Items for Production

  • Disposable vinyl gloves
  • Alcohol 100 proof 
  • Batch jars (1 gallon wide mouth glass)
  • Lids for batch jars
  • Scale 
  • Tincture press
  • Cheesecloth or press filter bags

Procedure

  1. Put on a pair of disposable vinyl gloves.
  2. Weigh fresh Ashwagandha root to be used and document the weight.
  3. Place the plant material in a vat of clean room temperature water.
  4. Wash away all dirt rubbing vigorously with hands and/or a vegetable brush.
  5. Repeat this procedure again.
  6. Rinse well.
  7. Place plant material in a colander over the sink to drain excess water.
  8. Shake the colander to promote drainage.
  9. Allow the plant material  to sit until heavy dripping is subsided.
  10. Chop the fresh root into small 1/4 inch pieces (This increases the amount of  plant material surface exposed to alcohol for more complete extraction of minerals )
  11. Spread the chopped root out onto a flat tray to air dryer for an hour.

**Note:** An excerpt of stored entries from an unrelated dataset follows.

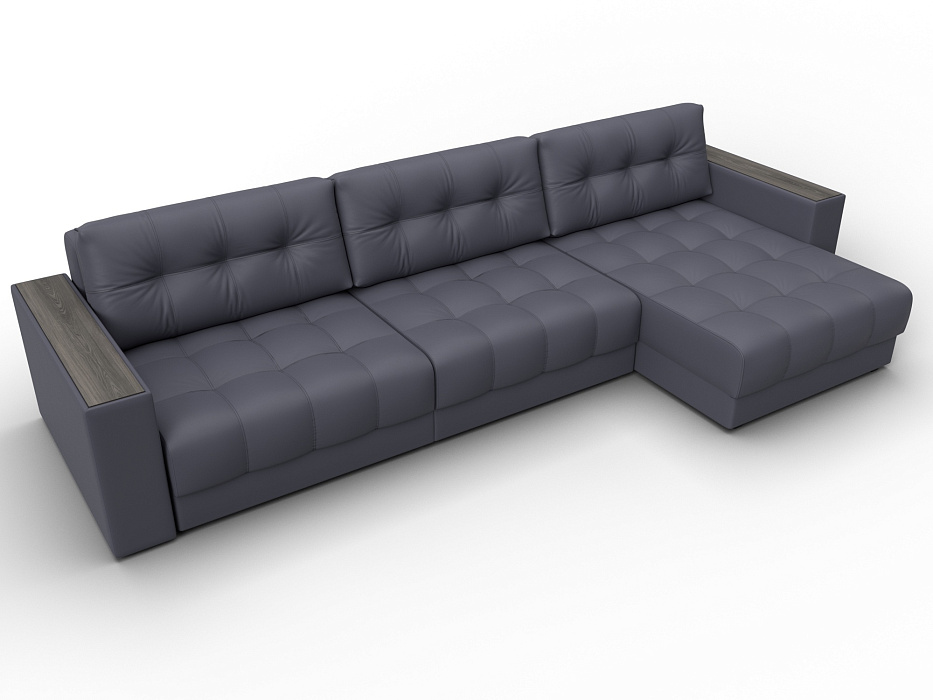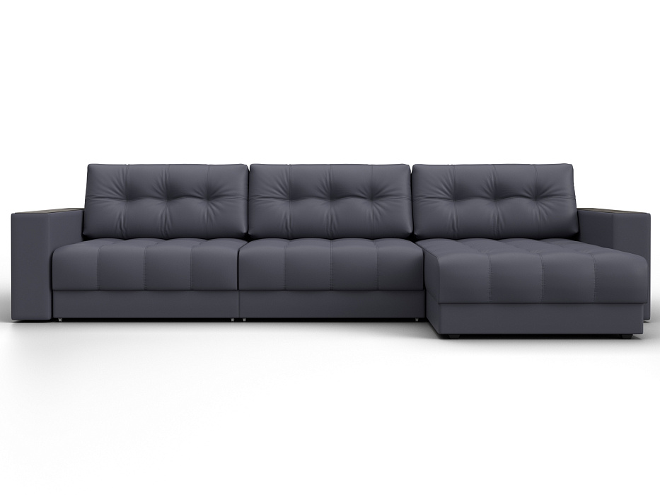 Диван угловой с декором Лига-049 НПБ Лонг, GRIFON 15 серый, Экокожа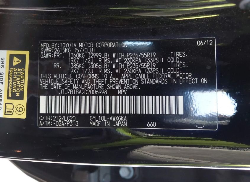 - VIN: JTJZB1BA2D2006998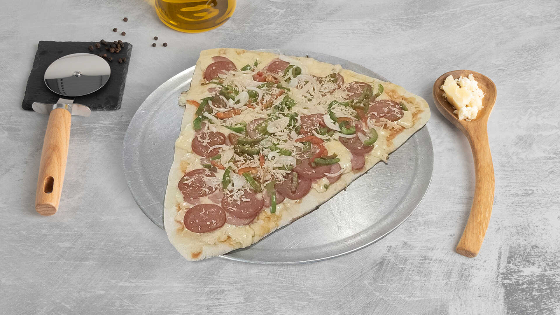 Masa de la casa, pollo, pimentón, cebolla blanca y salami.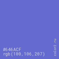 Цвет #646ACF в цветовой модели RGB обозначается тремя октетами (100, 106, 207) в десятичном формате и #646ACF в шестнадцатиричном (hex) формате, которые являются интенсивностью красного 100 (hex 64), интенсивность зелёного 106 (hex 6A) и интенсивность синего 207 (hex CF).

This decreases moisture.
  12. Fill a 1 gallon wide mouth jar with the chopped Ashwagandha root to 2 inches below the top.
  13. Add 100-140 proof alcohol to the top of the jar.
  14. Cover tightly and place in a dark place for 4 weeks or more.
  15. The tincture may be left to mature for several months.
  16. Shake up the tincture batch jar periodically (Shaking daily is preferable).
  17. After the curing period, pour off the tincture through a strainer into a separate glass container.
  18. The tincture can be filtered further by pouring it through a coffee filter.
  19. Take the remaining dregs and place them in a filter bag or cheesecloth. Place this bag in the herb press.
  20. Tighten the press until all of the remaining tincture is pressed out of the dregs.
  21. Release the pressure and take out the the compressed plant material cake. Add it to your compost.